◆ EXERCISE OBJECTIVE:
Transcribe the data verbatim and drop its images.

[Opening ENTRIES PROVIDED section]

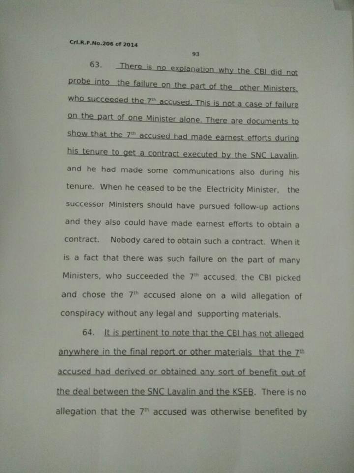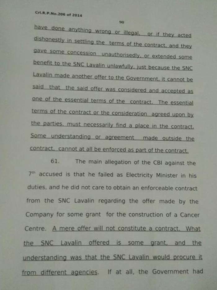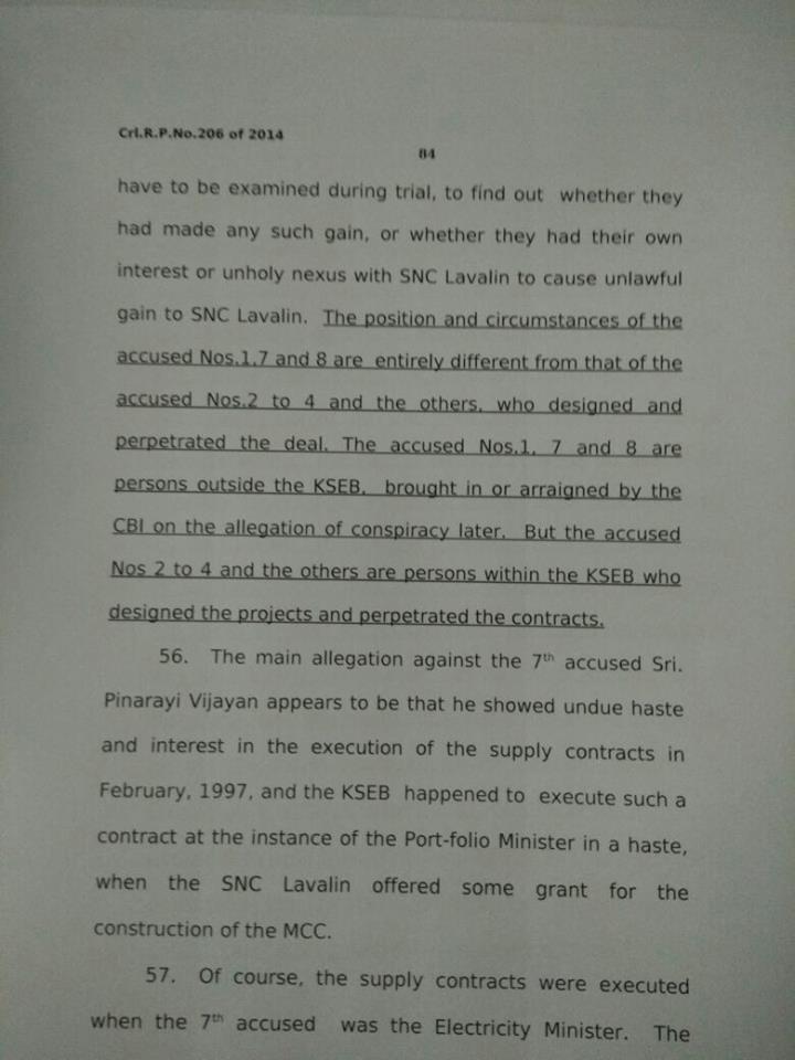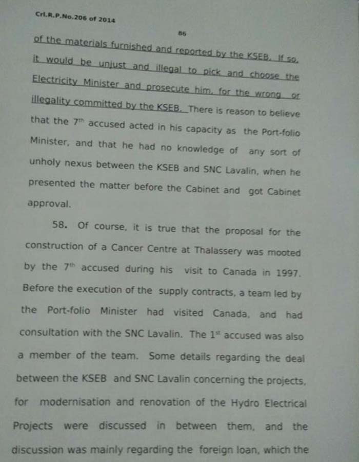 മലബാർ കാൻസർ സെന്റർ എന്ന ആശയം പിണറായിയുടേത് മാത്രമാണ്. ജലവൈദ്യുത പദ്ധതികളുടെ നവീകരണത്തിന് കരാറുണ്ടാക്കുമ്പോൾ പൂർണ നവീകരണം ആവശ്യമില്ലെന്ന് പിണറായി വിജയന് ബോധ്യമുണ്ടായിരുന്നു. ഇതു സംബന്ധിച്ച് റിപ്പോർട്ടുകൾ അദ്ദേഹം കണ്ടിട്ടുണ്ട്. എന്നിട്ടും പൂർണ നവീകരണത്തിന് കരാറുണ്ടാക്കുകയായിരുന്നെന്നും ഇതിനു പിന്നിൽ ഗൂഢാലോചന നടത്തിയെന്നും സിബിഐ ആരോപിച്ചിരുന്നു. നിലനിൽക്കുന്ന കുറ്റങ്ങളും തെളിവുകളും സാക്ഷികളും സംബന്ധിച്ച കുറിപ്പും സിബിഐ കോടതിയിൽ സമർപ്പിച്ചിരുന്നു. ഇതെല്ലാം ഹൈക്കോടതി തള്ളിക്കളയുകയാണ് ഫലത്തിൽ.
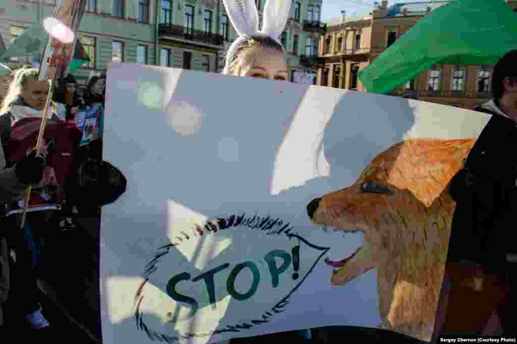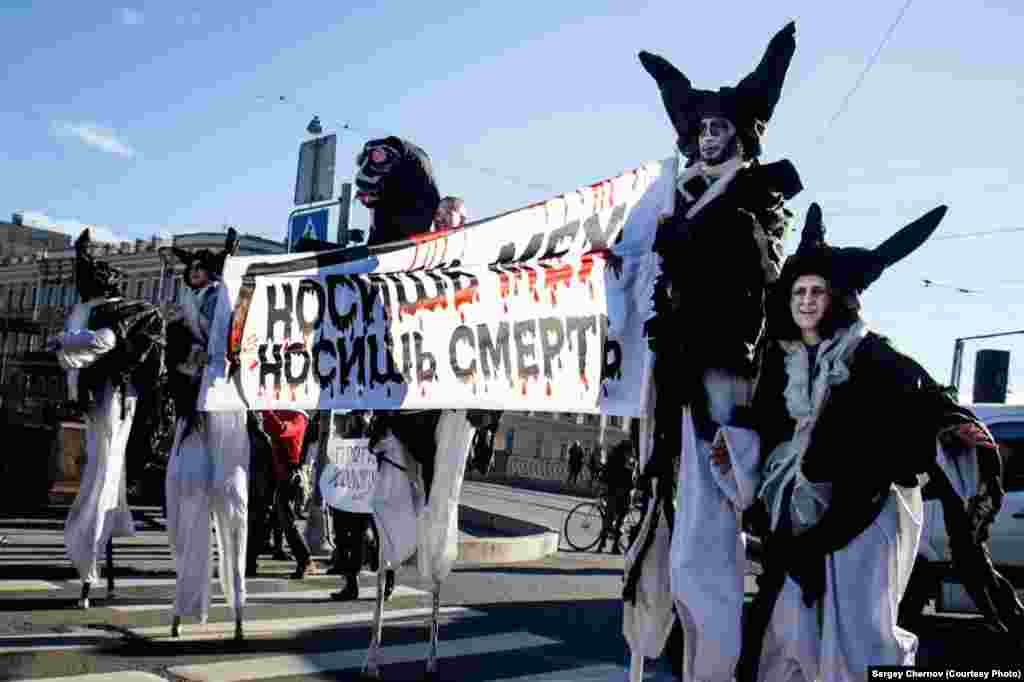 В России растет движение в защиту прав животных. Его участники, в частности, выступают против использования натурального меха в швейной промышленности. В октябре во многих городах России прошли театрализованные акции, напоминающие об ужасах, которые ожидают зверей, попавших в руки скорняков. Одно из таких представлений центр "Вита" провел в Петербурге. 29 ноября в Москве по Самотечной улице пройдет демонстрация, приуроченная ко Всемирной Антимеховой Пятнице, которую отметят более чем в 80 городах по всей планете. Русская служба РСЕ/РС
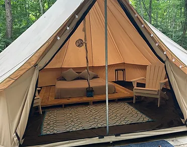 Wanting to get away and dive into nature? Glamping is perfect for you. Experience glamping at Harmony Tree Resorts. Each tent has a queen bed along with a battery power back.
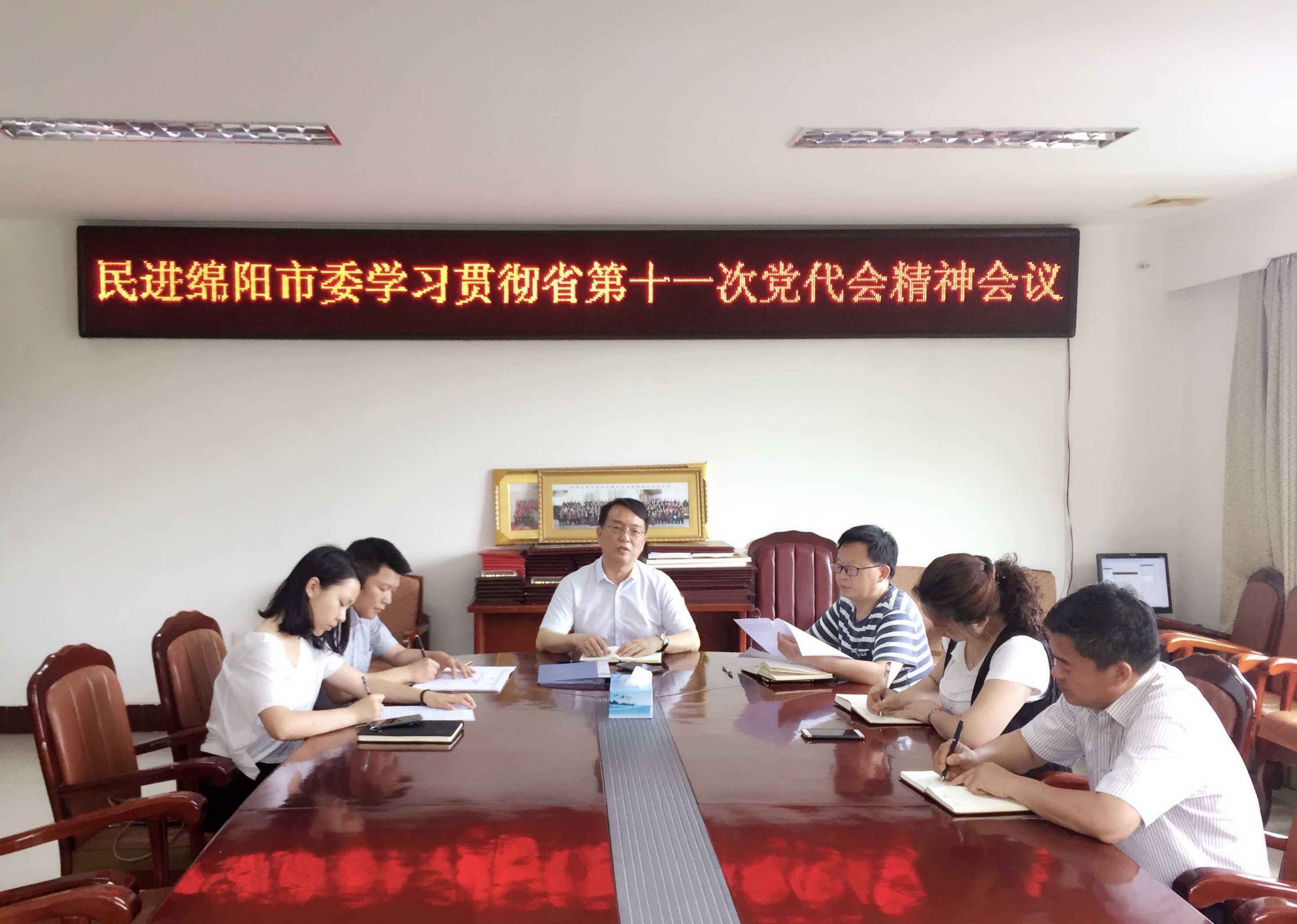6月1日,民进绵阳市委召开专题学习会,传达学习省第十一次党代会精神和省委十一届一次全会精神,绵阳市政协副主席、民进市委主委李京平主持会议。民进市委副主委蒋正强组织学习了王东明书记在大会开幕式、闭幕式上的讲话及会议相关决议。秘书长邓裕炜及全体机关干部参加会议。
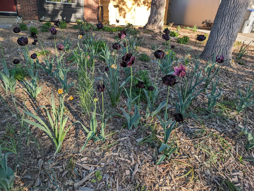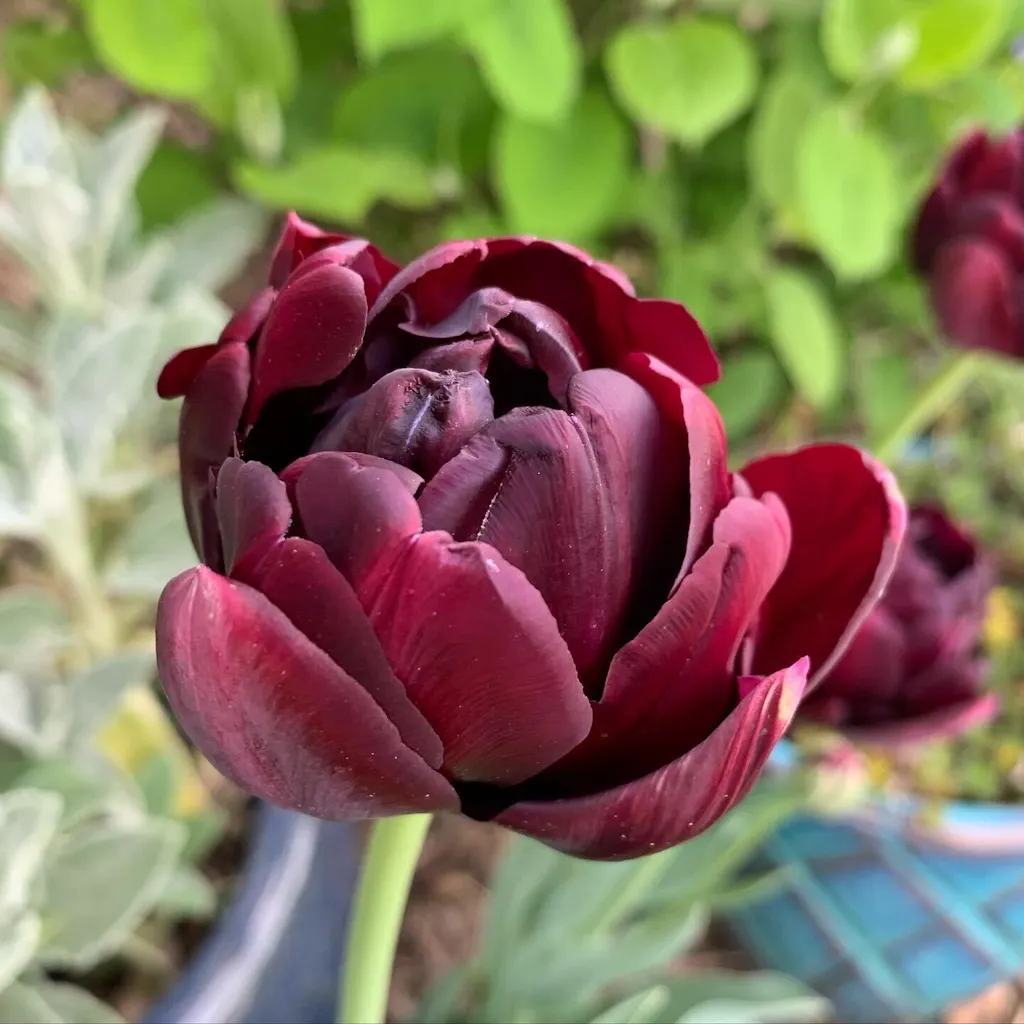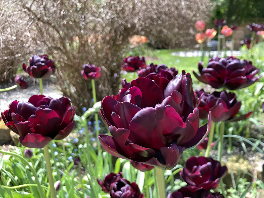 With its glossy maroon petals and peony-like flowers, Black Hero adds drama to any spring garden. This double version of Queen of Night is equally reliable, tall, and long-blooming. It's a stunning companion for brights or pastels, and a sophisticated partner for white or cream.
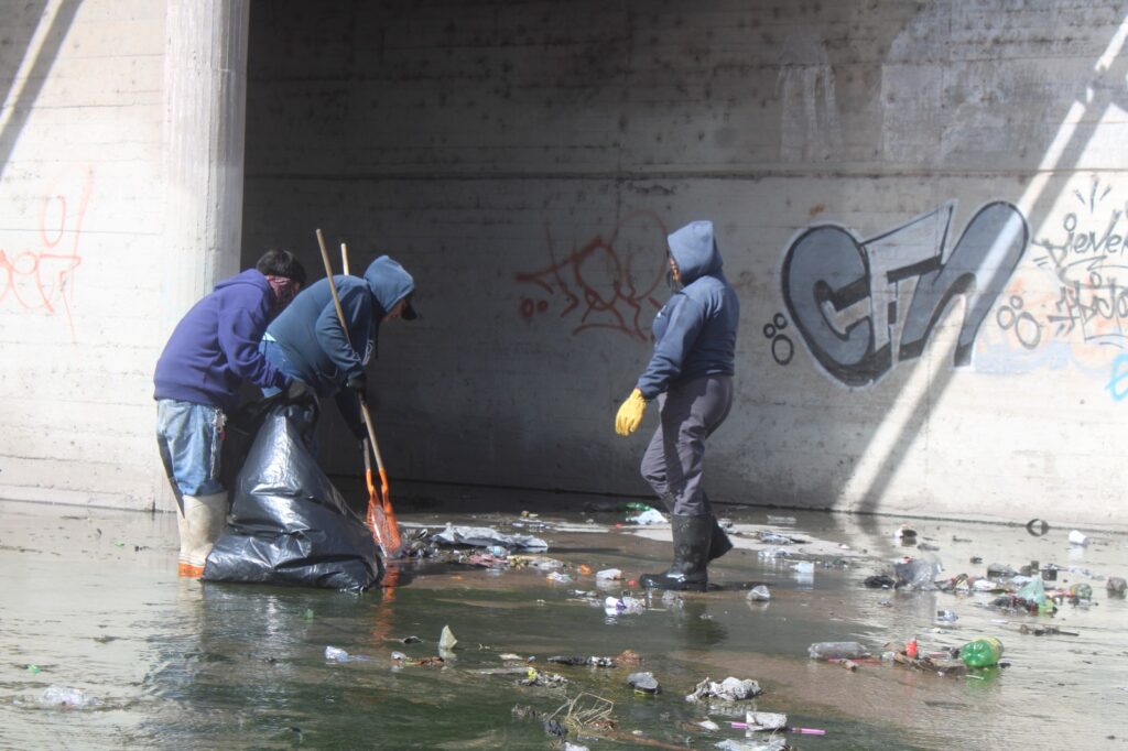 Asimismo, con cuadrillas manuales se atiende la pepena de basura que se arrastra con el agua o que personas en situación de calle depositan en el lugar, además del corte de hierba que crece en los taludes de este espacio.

[Closing ENTRIES PROVIDED section]

◆ SOLVED PROBLEM:
 മലബാർ കാൻസർ സെന്റർ എന്ന ആശയം പിണറായിയുടേത് മാത്രമാണ്. ജലവൈദ്യുത പദ്ധതികളുടെ നവീകരണത്തിന് കരാറുണ്ടാക്കുമ്പോൾ പൂർണ നവീകരണം ആവശ്യമില്ലെന്ന് പിണറായി വിജയന് ബോധ്യമുണ്ടായിരുന്നു. ഇതു സംബന്ധിച്ച് റിപ്പോർട്ടുകൾ അദ്ദേഹം കണ്ടിട്ടുണ്ട്. എന്നിട്ടും പൂർണ നവീകരണത്തിന് കരാറുണ്ടാക്കുകയായിരുന്നെന്നും ഇതിനു പിന്നിൽ ഗൂഢാലോചന നടത്തിയെന്നും സിബിഐ ആരോപിച്ചിരുന്നു. നിലനിൽക്കുന്ന കുറ്റങ്ങളും തെളിവുകളും സാക്ഷികളും സംബന്ധിച്ച കുറിപ്പും സിബിഐ കോടതിയിൽ സമർപ്പിച്ചിരുന്നു. ഇതെല്ലാം ഹൈക്കോടതി തള്ളിക്കളയുകയാണ് ഫലത്തിൽ.
 В России растет движение в защиту прав животных. Его участники, в частности, выступают против использования натурального меха в швейной промышленности. В октябре во многих городах России прошли театрализованные акции, напоминающие об ужасах, которые ожидают зверей, попавших в руки скорняков. Одно из таких представлений центр "Вита" провел в Петербурге. 29 ноября в Москве по Самотечной улице пройдет демонстрация, приуроченная ко Всемирной Антимеховой Пятнице, которую отметят более чем в 80 городах по всей планете. Русская служба РСЕ/РС
 Wanting to get away and dive into nature? Glamping is perfect for you. Experience glamping at Harmony Tree Resorts. Each tent has a queen bed along with a battery power back.
6月1日,民进绵阳市委召开专题学习会,传达学习省第十一次党代会精神和省委十一届一次全会精神,绵阳市政协副主席、民进市委主委李京平主持会议。民进市委副主委蒋正强组织学习了王东明书记在大会开幕式、闭幕式上的讲话及会议相关决议。秘书长邓裕炜及全体机关干部参加会议。
 With its glossy maroon petals and peony-like flowers, Black Hero adds drama to any spring garden. This double version of Queen of Night is equally reliable, tall, and long-blooming. It's a stunning companion for brights or pastels, and a sophisticated partner for white or cream.
 Asimismo, con cuadrillas manuales se atiende la pepena de basura que se arrastra con el agua o que personas en situación de calle depositan en el lugar, además del corte de hierba que crece en los taludes de este espacio.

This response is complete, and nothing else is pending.